Los Angeles Valley College (LAVC) is a public community college in Los Angeles, California. It is part of the Los Angeles Community College District.

The college is adjacent to Grant High School in the neighborhood of Valley Glen. Often called "Valley College" or simply "Valley" by those who frequent the campus, it opened its doors to the public on September 12, 1949, at which time the campus was located on the site of Van Nuys High School.
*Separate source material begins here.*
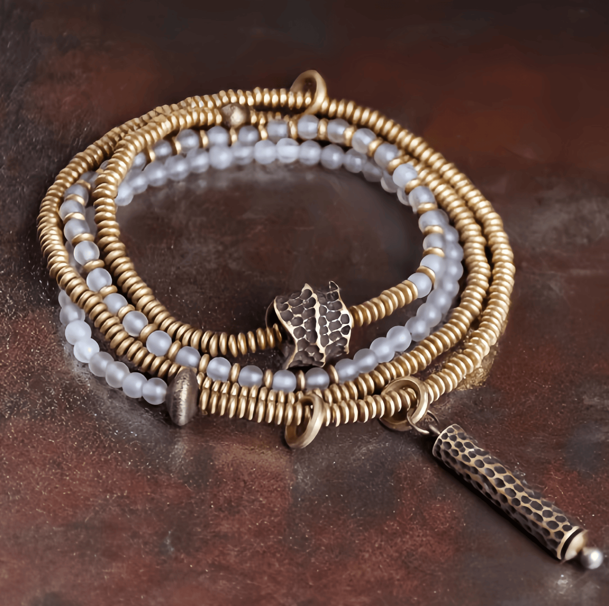 Energy Luxury Handcrafted Multi-Strand Agate Brass Bracelet

The college moved to its current location in 1951, a  site bounded by Fulton Avenue on the west, Ethel Avenue/Coldwater Canyon Boulevard on the east, Burbank Boulevard on the south, and Oxnard Street on the north.

Los Angeles Valley College is one of nine colleges in the Los Angeles Community College District (LACCD) and is accredited by the Accrediting Commission for Community and Junior Colleges.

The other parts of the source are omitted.